Problem to work on - Your output should be the complete listing, word for word, with no pictures in it.

Supplied information -
--- START ---
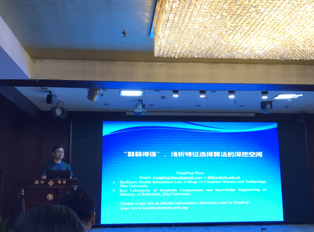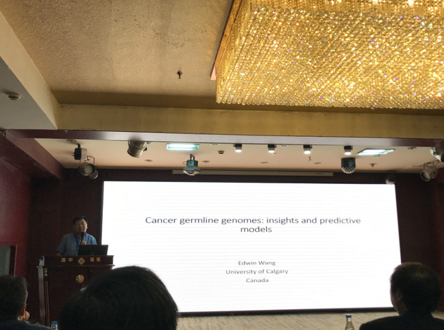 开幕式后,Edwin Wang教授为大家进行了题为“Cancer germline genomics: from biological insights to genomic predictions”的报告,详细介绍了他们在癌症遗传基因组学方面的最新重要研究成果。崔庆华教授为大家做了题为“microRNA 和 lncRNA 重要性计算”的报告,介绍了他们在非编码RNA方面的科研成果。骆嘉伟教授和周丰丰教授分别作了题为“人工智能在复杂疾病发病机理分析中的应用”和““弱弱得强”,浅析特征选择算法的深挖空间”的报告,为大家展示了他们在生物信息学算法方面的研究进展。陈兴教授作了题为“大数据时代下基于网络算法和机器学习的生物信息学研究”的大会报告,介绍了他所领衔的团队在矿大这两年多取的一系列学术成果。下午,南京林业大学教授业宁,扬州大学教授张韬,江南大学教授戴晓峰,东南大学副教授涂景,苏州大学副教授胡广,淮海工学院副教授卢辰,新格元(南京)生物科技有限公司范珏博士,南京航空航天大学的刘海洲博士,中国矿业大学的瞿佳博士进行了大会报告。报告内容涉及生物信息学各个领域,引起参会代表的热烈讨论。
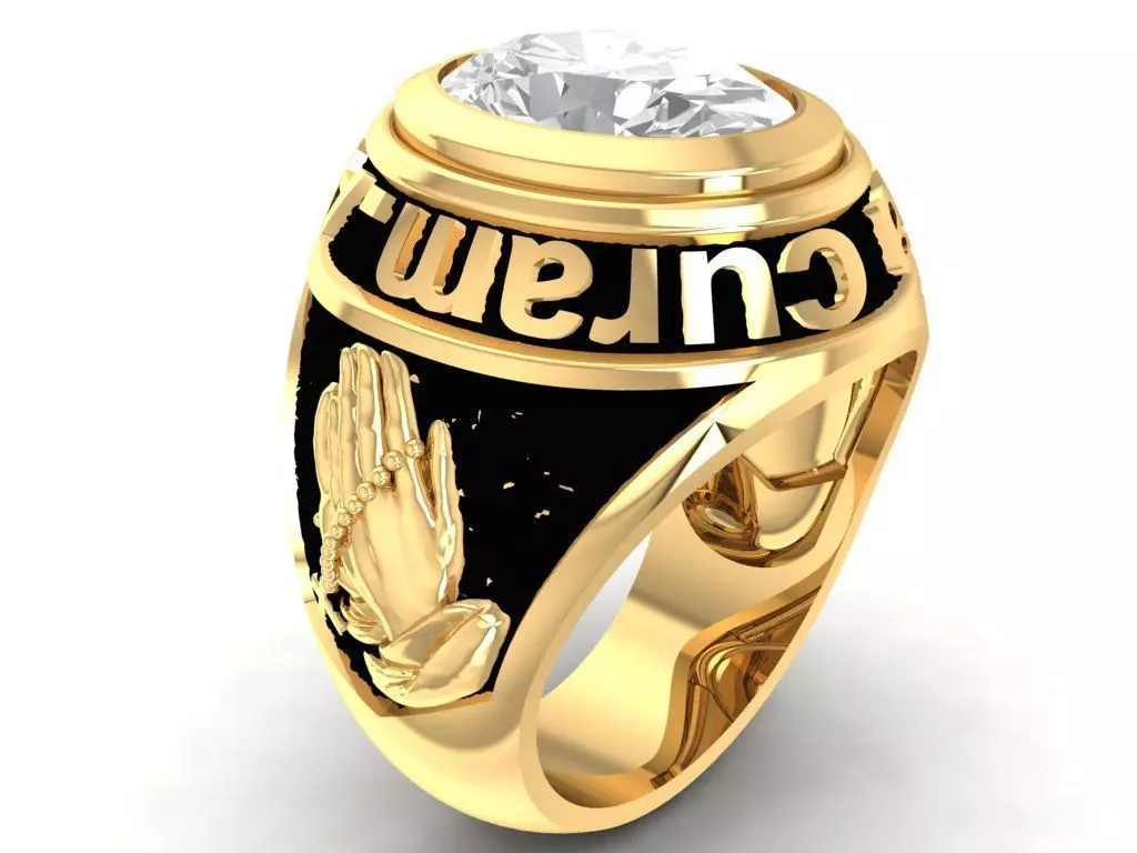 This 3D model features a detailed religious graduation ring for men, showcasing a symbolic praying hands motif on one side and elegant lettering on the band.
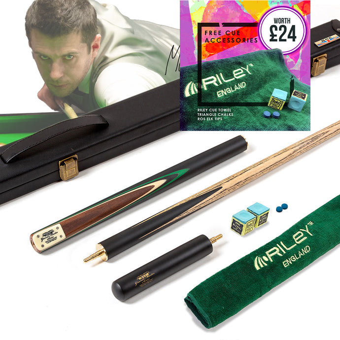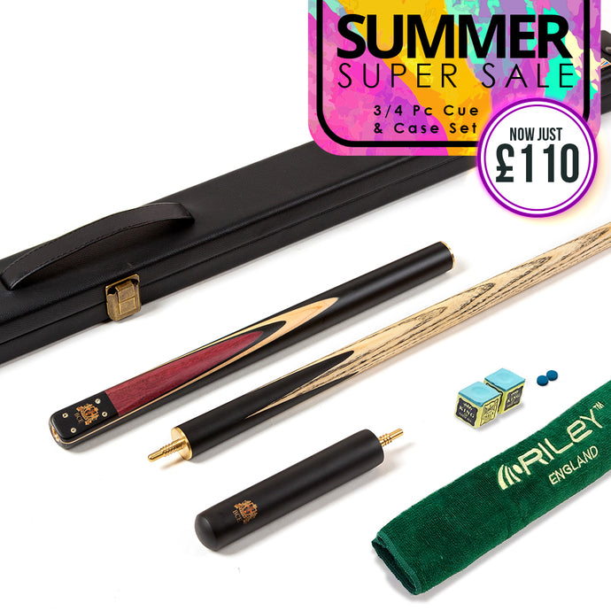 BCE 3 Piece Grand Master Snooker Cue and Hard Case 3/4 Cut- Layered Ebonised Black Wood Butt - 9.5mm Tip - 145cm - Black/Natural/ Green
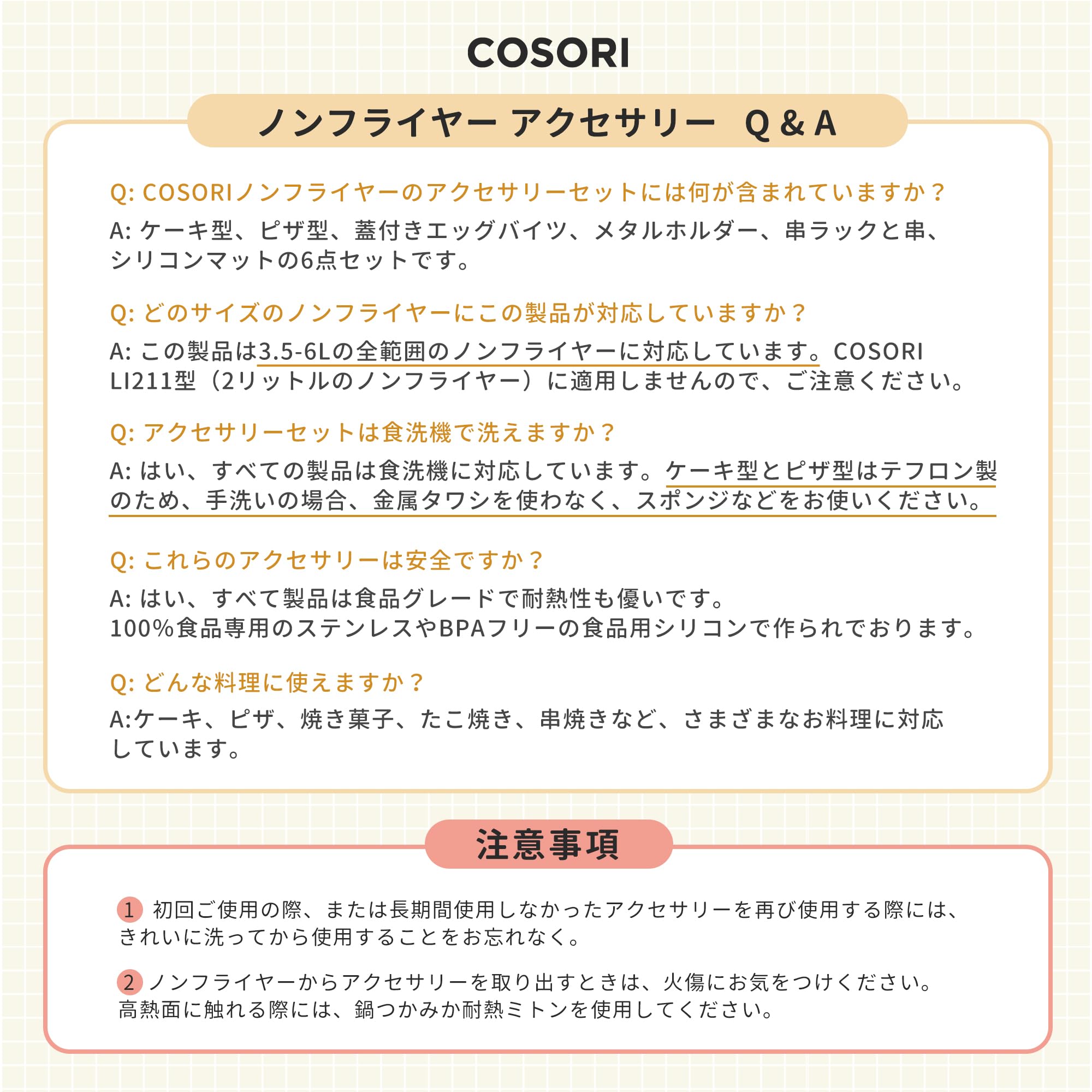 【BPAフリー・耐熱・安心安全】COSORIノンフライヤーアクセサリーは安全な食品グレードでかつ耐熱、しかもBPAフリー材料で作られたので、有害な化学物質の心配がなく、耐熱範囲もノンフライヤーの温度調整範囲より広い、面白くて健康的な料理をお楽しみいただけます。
--- END ---
Response to this task -
 开幕式后,Edwin Wang教授为大家进行了题为“Cancer germline genomics: from biological insights to genomic predictions”的报告,详细介绍了他们在癌症遗传基因组学方面的最新重要研究成果。崔庆华教授为大家做了题为“microRNA 和 lncRNA 重要性计算”的报告,介绍了他们在非编码RNA方面的科研成果。骆嘉伟教授和周丰丰教授分别作了题为“人工智能在复杂疾病发病机理分析中的应用”和““弱弱得强”,浅析特征选择算法的深挖空间”的报告,为大家展示了他们在生物信息学算法方面的研究进展。陈兴教授作了题为“大数据时代下基于网络算法和机器学习的生物信息学研究”的大会报告,介绍了他所领衔的团队在矿大这两年多取的一系列学术成果。下午,南京林业大学教授业宁,扬州大学教授张韬,江南大学教授戴晓峰,东南大学副教授涂景,苏州大学副教授胡广,淮海工学院副教授卢辰,新格元(南京)生物科技有限公司范珏博士,南京航空航天大学的刘海洲博士,中国矿业大学的瞿佳博士进行了大会报告。报告内容涉及生物信息学各个领域,引起参会代表的热烈讨论。
 This 3D model features a detailed religious graduation ring for men, showcasing a symbolic praying hands motif on one side and elegant lettering on the band.
 BCE 3 Piece Grand Master Snooker Cue and Hard Case 3/4 Cut- Layered Ebonised Black Wood Butt - 9.5mm Tip - 145cm - Black/Natural/ Green
 【BPAフリー・耐熱・安心安全】COSORIノンフライヤーアクセサリーは安全な食品グレードでかつ耐熱、しかもBPAフリー材料で作られたので、有害な化学物質の心配がなく、耐熱範囲もノンフライヤーの温度調整範囲より広い、面白くて健康的な料理をお楽しみいただけます。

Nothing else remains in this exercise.